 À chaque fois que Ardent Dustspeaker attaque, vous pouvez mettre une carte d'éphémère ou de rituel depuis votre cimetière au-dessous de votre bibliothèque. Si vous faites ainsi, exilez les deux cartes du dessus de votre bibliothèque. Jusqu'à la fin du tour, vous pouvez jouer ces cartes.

□ □ □ □

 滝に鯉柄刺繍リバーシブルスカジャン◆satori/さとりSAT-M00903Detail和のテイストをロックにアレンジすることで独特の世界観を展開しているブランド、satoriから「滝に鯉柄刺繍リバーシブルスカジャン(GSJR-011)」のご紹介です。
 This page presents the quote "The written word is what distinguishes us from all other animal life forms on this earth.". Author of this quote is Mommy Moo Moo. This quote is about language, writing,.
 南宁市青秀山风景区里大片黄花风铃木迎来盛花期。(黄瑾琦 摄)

□ □ □ □

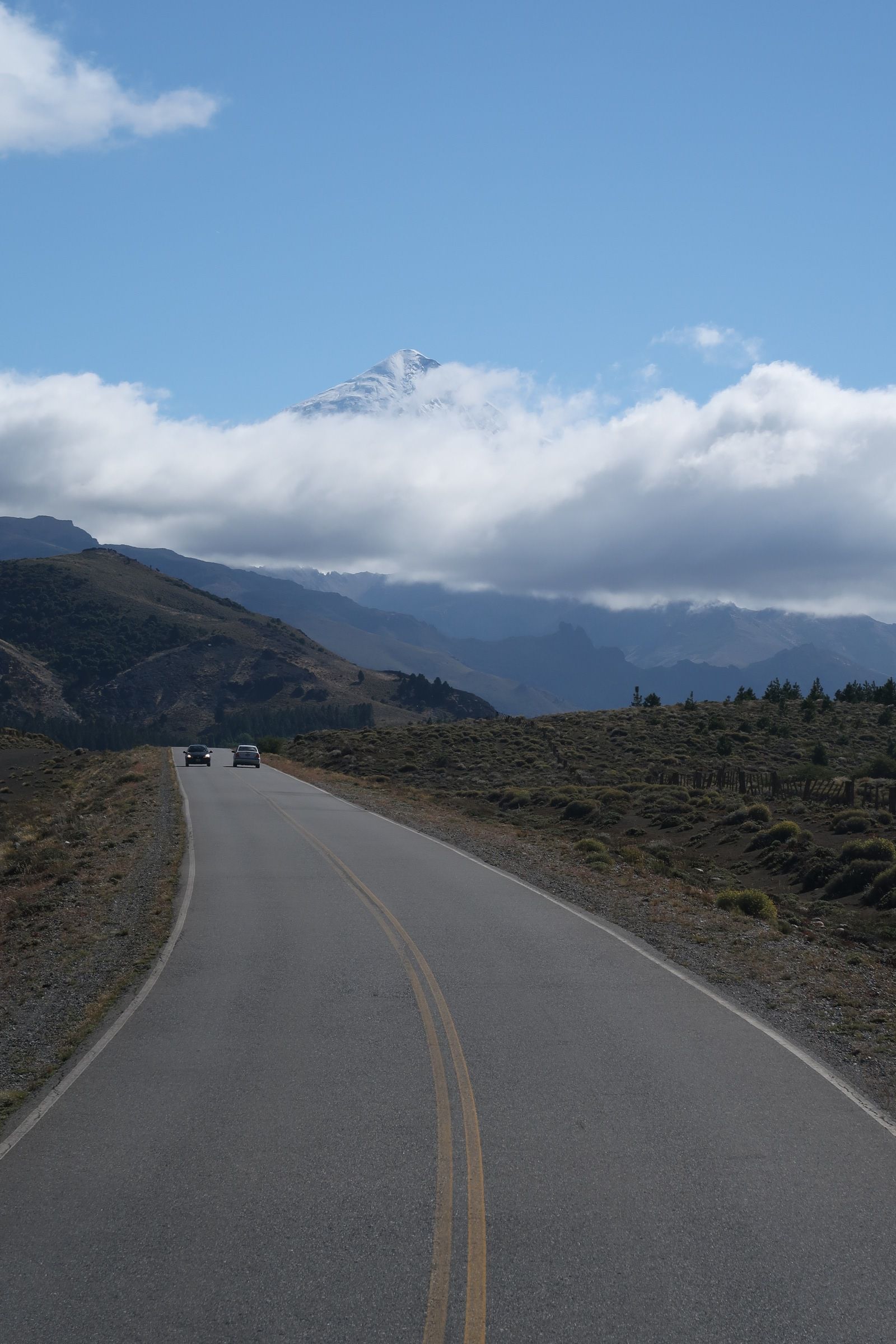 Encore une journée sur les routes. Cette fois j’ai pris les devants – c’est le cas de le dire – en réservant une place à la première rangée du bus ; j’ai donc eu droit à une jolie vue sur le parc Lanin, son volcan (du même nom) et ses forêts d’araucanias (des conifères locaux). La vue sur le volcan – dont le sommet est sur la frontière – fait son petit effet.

□ □ □ □

> _TASK PROMPT_
Looking at the data above, write out exactly the lines that start at the one containing "滝に鯉柄刺繍リバーシブルスカジャン◆sa" and end at the one containing "南宁市青秀山风景区里大片黄花风铃木迎来盛花期。(黄瑾琦 摄)"; include both and nothing beyond.

> _EXPECTED ANSWER_
 滝に鯉柄刺繍リバーシブルスカジャン◆satori/さとりSAT-M00903Detail和のテイストをロックにアレンジすることで独特の世界観を展開しているブランド、satoriから「滝に鯉柄刺繍リバーシブルスカジャン(GSJR-011)」のご紹介です。
 This page presents the quote "The written word is what distinguishes us from all other animal life forms on this earth.". Author of this quote is Mommy Moo Moo. This quote is about language, writing,.
 南宁市青秀山风景区里大片黄花风铃木迎来盛花期。(黄瑾琦 摄)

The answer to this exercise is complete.